Proxmox - PBS: Ransomware-Proof Backup Architecture and Offsite Synchronisation
The Backup Integrity Paradox
In infrastructure administration, the only thing more dangerous than having no backups is having backups that you believe are valid but fail during a crisis. In a large Proxmox environment with hundreds of Virtual Machines, manually testing restoration is impossible to scale. Furthermore, data on physical disks is subject to “bit-rot”-silent corruption where bits flip over time due to hardware degradation.
Proxmox Backup Server (PBS) addresses these risks through a sophisticated verification architecture that provides mathematical certainty regarding the state of your data. This post focuses on building a ransomware-proof architecture using PBS in 2020.
How PBS Verification Works
Unlike legacy backup tools that merely check if a file metadata exists, PBS is a content-addressable system. It breaks data into small “chunks” and identifies each chunk by its SHA-256 hash.
A Verification Job is a scheduled background process that:
- Reads every physical chunk stored in a datastore.
- Recalculates the SHA-256 hash of that chunk’s data on the disk.
- Compares the new hash against the original hash stored in the backup manifest.
If the hashes match, you have proof that the data on the disk is identical to what was sent by the client.
Implementation: Building a Professional Verification Schedule
Verification is I/O intensive. You should never run it manually; it must be part of your automated data lifecycle.
1. Configure the Verification Job
In the PBS Web Interface, navigate to Datacenter -> Verify Jobs -> Add.
- Datastore: Select your primary storage.
- Schedule: Run this weekly during your lowest-activity window (e.g., Sunday at 03:00).
- Ignore Verified: Set it to “30 days.” This tells PBS only to re-read chunks that haven’t been verified in the last month.
2. Monitoring the Results
Verification failures should trigger an immediate high-priority alert. Ensure you have configured an SMTP Relay to send these reports to your infrastructure team.
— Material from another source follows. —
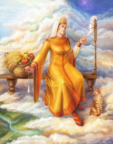 Макошь - богиня плодородия, земли, урожая, судьбы, покровительница женских ремёсел, покровительница рожениц. Такое множество функций может исполнять одна женщина, хозяйка дома, от которой зависела раньше судьба домочадцев. Родить, воспитать, накормить, одеть, позаботиться обо всех, кто в доме. Дождаться, пока вырастут дети, женить их и пестовать внуков - вот самый длинный и урожайный для женщины период. Время пожинать плоды лета. Богиня Макошь не ласковая и не веселая, слишком много у неё забот о своём доме и порядке мироустройства в нём. Так и женщина в период осени- хлопотлива, может и прикрикнуть, а может вдруг и достать из многочисленных сундуков неожиданную помощь недотёпе- домочадцу.

Architecting for Ransomware Resilience: The ‘Pull’ Sync
A backup server on the same network as your production cluster is a target for ransomware. If an attacker gains administrative access to Proxmox, they can use the credentials stored there to delete your backups on the PBS.
To prevent this, a experienced administrator implements a Disaster Recovery (DR) Sync strategy using the “Pull” model.
- Production PBS (Site A): Accepts daily backups from the cluster.
- Hardened PBS (Site B): Located at a different site or in a secure cloud VPC.
- The Logical Gap: Site B has no inbound access from Site A. Instead, Site B has a Sync Job configured to reach out to Site A and “pull” the encrypted chunks.
Why this is Bulletproof: Even if an attacker gains root access to Site A and deletes everything, they have no technical way to reach Site B. The offsite backups are physically and logically protected from the production environment.
Performance Tuning: The Special Metadata Device
Verification reads every byte of your data. If your PBS is backed by spinning hard drives (HDDs), this can take days.
- The Pro-tip: If using ZFS for your PBS storage, you must use a mirrored pair of enterprise SSDs as a Special Metadata Device. This stores the ZFS metadata and the PBS chunk indexes on flash. This simple hardware addition can speed up verification and garbage collection by 1,000% on HDD-based arrays.
Summary
A backup is only as good as its isolation and verification. By leveraging PBS’s automated verification and implementing a pull-based offsite sync, you move from a state of “hoping the backups are good” to “knowing exactly which bits are safe.” This level of rigour is the hallmark of a mature, professional infrastructure deployment in 2020.